Cloudron runs all apps and services in an internal network (not reachable from outside the server). This network address is hardcoded to 172.18.0.0/16. Some services like databases have static IPs to aid in connectivity from outside via a SSH tunnel. App addresses are dynamic.

Service IP
MongoDB 172.18.30.3
MySQL 172.18.30.1
PostgreSQL 172.18.30.2

Firewall

Blocklist

Using the blocklist configuration, one or more IP addresses and/or networks can be blocked from connecting to Cloudron. You can download various country based blocklists from www.ipdeny.com: IPv4 and IPv6.

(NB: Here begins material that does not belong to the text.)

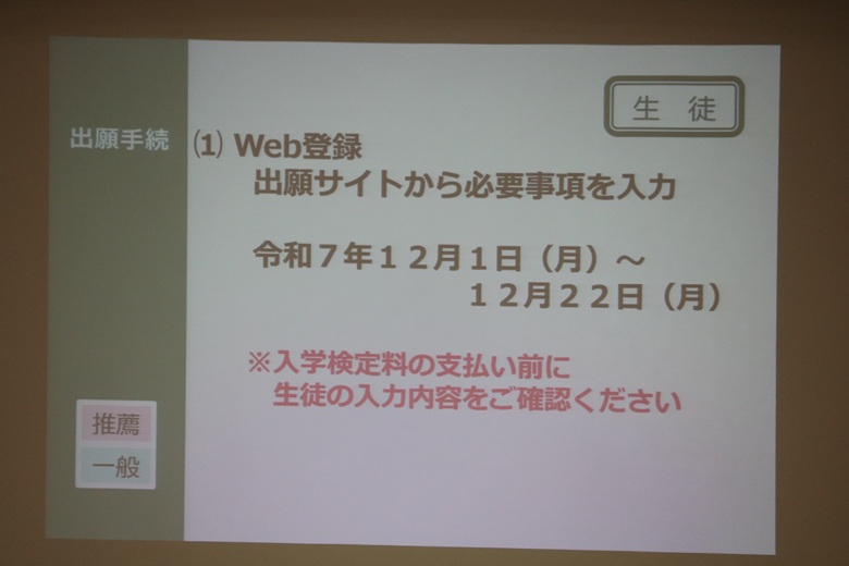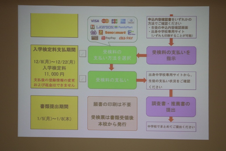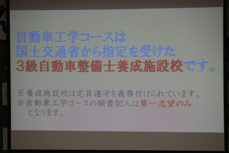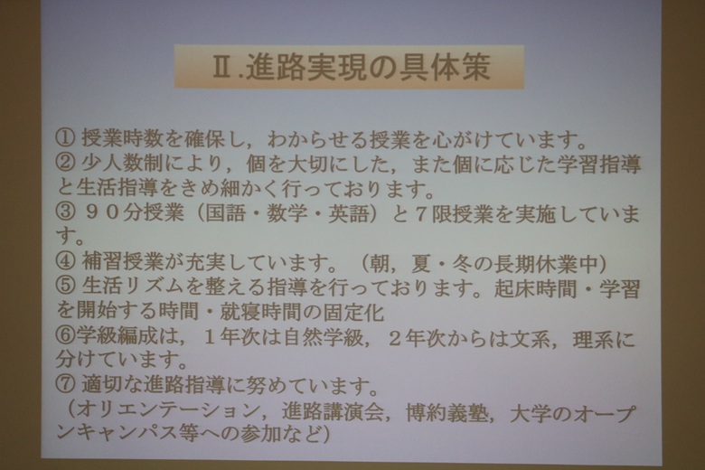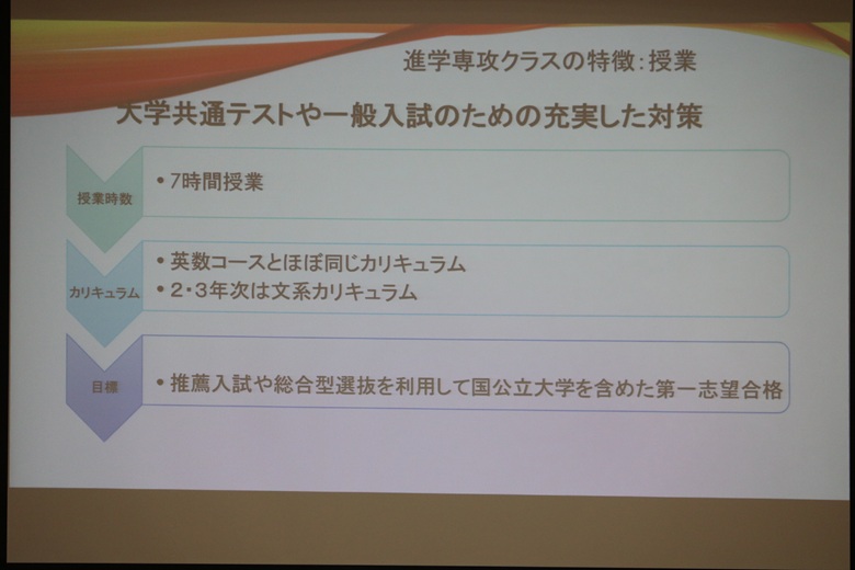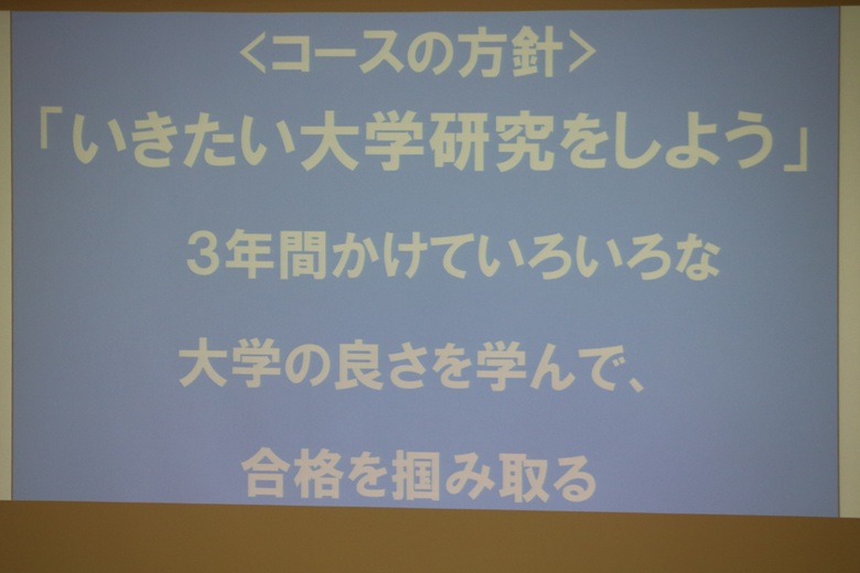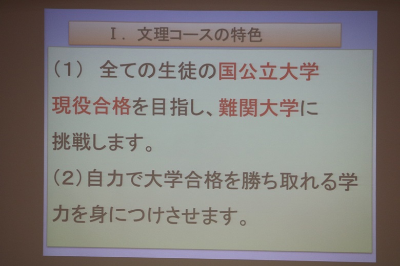 各コース主任が登壇し、コースの特色や進路実績や指導体制を詳しく紹介しました。
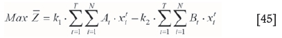 These values are substituted in the objective function, which is written as Equation [45].

You can also add in comments to the line items as needed, but comments must remain on their own line, something similar to:

# spammy IP
111.111.111.111

Do not lock yourself out

Be careful about what IP addresses you block. If you lock yourself out, you must get Console access to the server, remove the file /home/yellowtent/platformdata/firewall/blocklist.txt and reboot the server.

Whitelist ports

Cloudron does not support installing additional packages or running other services on the server. With that warning out of the way, you can configure the firewall to permit additional (incoming) TCP and UDP ports. For this, edit the the file /home/yellowtent/platformdata/firewall/ports.json (create this file if it does not exist and change the owner to the user yellowtent).

{
    "allowed_tcp_ports": [ 2140, 3540 ],
    "allowed_udp_ports": [ ]
}

Restart the firewall to apply the configuration:

systemctl restart cloudron-firewall

Trusted IPs

When Cloudron is behind a HTTP(S) proxy, you can set the IP address(es) of the proxy as trusted. Doing so will make sure Cloudron trusts the values of various HTTP headers in the request. For example, it can pick up the original client IP address from X-Forwarded-For header and use it in logs and email notifications.

Cloudflare

When Cloudron is behind Cloudflare, you can use the IP list from here.